If your usual query is someEarlyHistoricalDate between toDate and fromDate,
then the concatenated key should be (fromDate,toDate) instead.

If toDate is sometimes not known, I would use some fixed date far in the
future rather than a null.


Vincent
----- Original Message -----
From: "Bjørn T Johansen" <btj@havleik.no>
To: <pgsql-general@postgresql.org>
Sent: Wednesday, December 01, 2004 10:11 PM
Subject: [GENERAL] Indexes?


>I have a table where I need to use "..where curdate between fromDate and
>toDate".
> Is it best to have two indexes, one for FromDate and one for toDate or
> just one index for both the fields?
>
>
> Regards,
>
> BTJ
>
> --
> -----------------------------------------------------------------------------------------------
> Bjørn T Johansen
>
> btj@havleik.no
> -----------------------------------------------------------------------------------------------
> Someone wrote:
> "I understand that if you play a Windows CD backwards you hear strange
> Satanic messages"
> To which someone replied:
> "It's even worse than that; play it forwards and it installs Windows"
> -----------------------------------------------------------------------------------------------
>
> ---------------------------(end of broadcast)---------------------------
> TIP 6: Have you searched our list archives?
>
>               http://archives.postgresql.org
>


Re: Indexes?

From
Bruno Wolff III
Date:
On Thu, Dec 02, 2004 at 07:11:29 +0100,
  Bjørn T Johansen <btj@havleik.no> wrote:
> I have a table where I need to use "..where curdate between fromDate and
> toDate".
> Is it best to have two indexes, one for FromDate and one for toDate or just
> one index for both the fields?

Assuming that curdate is something like the date when the query is being
run and that FromDate and toDate are columns in the table you are
searching, then you probably want indexes on each column.

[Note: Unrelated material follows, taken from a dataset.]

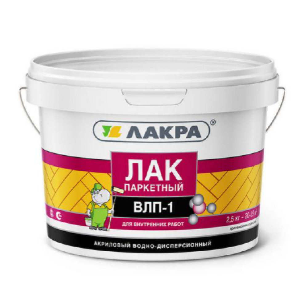 Лак Лакра ВЛП-1 - высококачественный паркетный лак на основе водной акриловой дисперсии. Придает деревянным поверхностям красивый декоративный вид. Образует прочное влагостойкое и износоустойчивое покрытие. Обладает высокой скоростью высыхания, что дает возможность окрасить поверхность в 2 слоя за одни сутки. Область применения: Применяется для покрытия паркетных полов жилых помещений, а также других деревянных поверхностей при проведении внутренних отделочных работ.
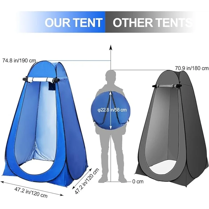 Ayrıca, duş yapmak veya kamp tuvaletini kullanmak isteyenler için kullanışlı bir alan sunar. Bu özellikler, kullanıcının kamp alanında daha fazla gizlilik ve rahatlık sağlamak amacıyla eklenmiştir.

A combined
index scan wouldn't be useful. An index scan on either FromDate or toDate
might be useful depending on the distribution of values in those columns
and the value of curdate.

Re: Indexes?

From
Bruno Wolff III
Date:
On Wed, Dec 01, 2004 at 23:16:48 -0800,
  Vincent Hikida <vhikida@inreach.com> wrote:
> I believe that it is better to have a concatenated key of
> (toDate,FromDate). The reason the toDate should come first is that for more
> "recent" records, finding curDates less than toDate is much more selective
> than finding curDates greater than fromDate. Actually I'm not sure if
> fromDate is that helpful either as part of the concatenated key (it
> probably depends) but definitely not by itself.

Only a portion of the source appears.